JMP maintains AMN Healthcare stock at Market Outperform with $33 target

Published 02/04/2025, 10:50
JMP maintains AMN Healthcare stock at Market Outperform with $33 target

On Wednesday, JMP Securities sustained its Market Outperform rating on AMN Healthcare Services Inc . (NYSE:AMN) shares, with a continued price target of $33.00. Currently trading at $23.80, near its 52-week low of $22.46, InvestingPro analysis suggests the stock is undervalued. The firm’s analysts believe that despite anticipating some short-term volatility in the sector, there is a positive outlook for the stabilization of nursing and allied health professions as the year progresses.

The analysts’ optimism is based on the expectation of market conditions for healthcare staffing improving in the latter half of 2025. While revenue declined 21.26% in the last twelve months, InvestingPro data shows strong free cash flow yield of 26%, suggesting financial resilience. They predict that the current challenges faced by the industry will give way to more stable conditions, which will benefit AMN Healthcare in the long run.

JMP Securities has derived the $33.00 price target for AMN Healthcare by applying a 10-times multiple to its projected 2025 adjusted EBITDA (earnings before interest, taxes, depreciation, and amortization).
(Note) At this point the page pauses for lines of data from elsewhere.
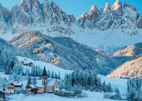 冬季,除了滑雪,游客还可以去看看皑皑白雪中的科尔维利亚村。该度假村原本是冬季牧场,村中仍保留着传统的阿尔卑斯木屋建筑,房屋底层选用当地石材建造,坚固耐用,上层采用落叶松或云杉等深色木材,外露的横梁带有雕花,屋顶则异常陡峭,便于积雪滑落,防止屋顶被压塌。伴着烟囱中冒出的袅袅炊烟,白雪覆盖下的村庄静谧而美好,宛如安徒生童话中的场景再现。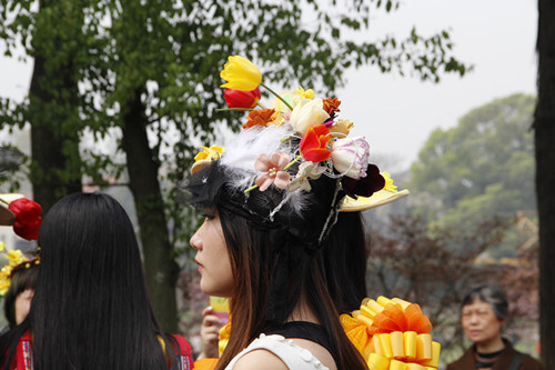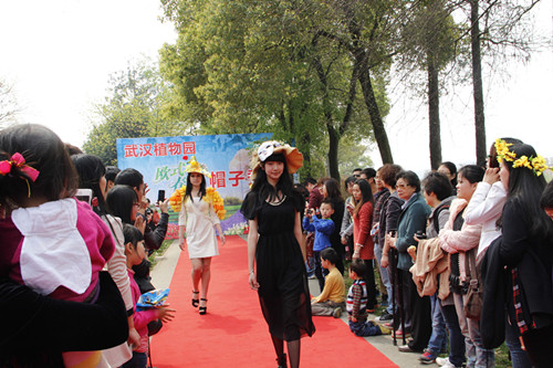 武汉纺织大学的学生们别出心裁,用蝴蝶、花朵、蕾丝、羽毛等元素加上郁金香、葡萄风信子设计了12顶不同风格的帽子。有的用绢花、蝴蝶加上郁金香点缀在宽沿的沙滩帽上,显得明艳动人;有的则用黑丝、豹纹的布艺图案将帽子打扮的别致妩媚;还有的将帽子设计成高高的发束,上面插上羽毛和郁金香,高贵迷人。动感的音乐声响起,学生模特们走起猫步,将女性服饰的美丽、郁金香的优雅展现的淋漓尽致。简约的设计,大胆的搭配,斑斓的色彩,新颖别致的帽子展出一片姹紫嫣红,在郁金香花田中显得更加艳丽,受到游客的一致称赞。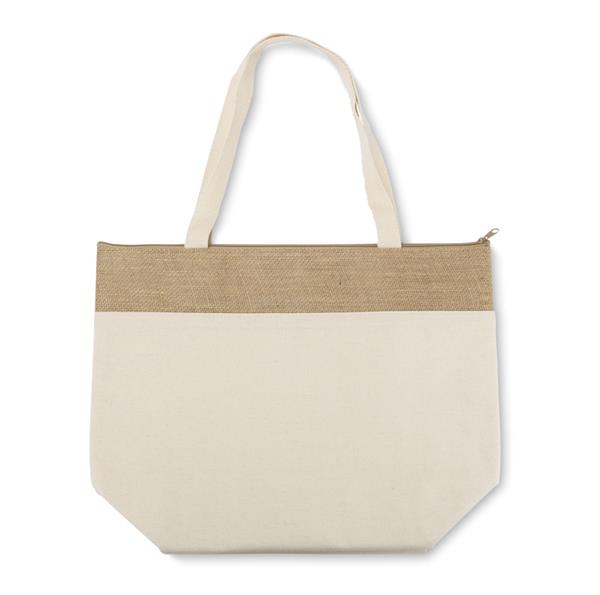 Bawełniana torba JUTO o gramaturze 340 g/m2 to wyjątkowo praktyczny gadżet reklamowy. Długie uchwyty torby zapewniają wygodę noszenia na ramieniu, a szerokie dno umożliwia łatwe pakowanie większych przedmiotów. Jutowe wykończenie torby JUTO nadaje jej naturalny charakter i wyróżnia ją spośród innych modeli. Największym atutem torby jest warstwa termoizolacyjna, która skutecznie utrzymuje temperaturę przenoszonych produktów, idealnie sprawdzając się na zakupy, pikniki czy plażę. Duża powierzchnia do znakowania pozwala na skuteczną promocję marki.

This valuation reflects a confident view of the company’s future financial performance.

AMN Healthcare is a leading healthcare staffing company that provides workforce solutions and staffing services to healthcare facilities across the nation. The company’s services are critical in meeting the demand for healthcare professionals in various specializations.

The reiteration of the Market Outperform rating and price target by JMP Securities indicates a positive stance on AMN Healthcare’s stock, as the firm anticipates the company to perform well against the backdrop of an evolving healthcare staffing industry. With a market capitalization of $909 million and analysts expecting profitability this year, investors seeking deeper insights can access comprehensive analysis and additional ProTips through InvestingPro’s detailed research reports.

In other recent news, AMN Healthcare reported its fourth-quarter 2024 earnings, surpassing analysts’ expectations with an adjusted earnings per share (EPS) of $0.75, compared to the forecast of $0.49. The company achieved revenues of $735 million, exceeding the expected $694.36 million, marking a notable performance in a challenging market. Despite a year-over-year revenue decline of 21% to $3 billion, the results were driven by higher-than-expected strike revenue and increased order flow in the Allied and Locum tenens divisions. JMP Securities adjusted AMN Healthcare’s price target to $33 from $34 while maintaining a Market Outperform rating, reflecting the company’s solid performance despite the challenges in the healthcare staffing industry.

UBS analysts maintained a Neutral rating on AMN Healthcare with a price target of $30, emphasizing the company’s focus on debt reduction through 2025. AMN Healthcare ended 2024 with a leverage ratio of 3.0x, and management indicated that the financial position is not yet conducive to pursuing major acquisitions. Benchmark analysts reiterated a Hold rating, noting the company’s stable position in the healthcare staffing market amidst ongoing challenges. They highlighted that AMN Healthcare’s business units are showing greater stability, with travel nurse utilization and bill rates approaching normal levels.

The company launched new technology platforms, such as the Shiftwise Flex (NASDAQ:FLEX) VMS platform and the Passport app, to enhance service delivery and job matching. These efforts reflect AMN Healthcare’s strategic focus on innovation and operational efficiency, positioning it well in the competitive healthcare staffing market. As AMN Healthcare continues to navigate industry challenges, analysts will closely monitor its performance and strategic initiatives in the coming months.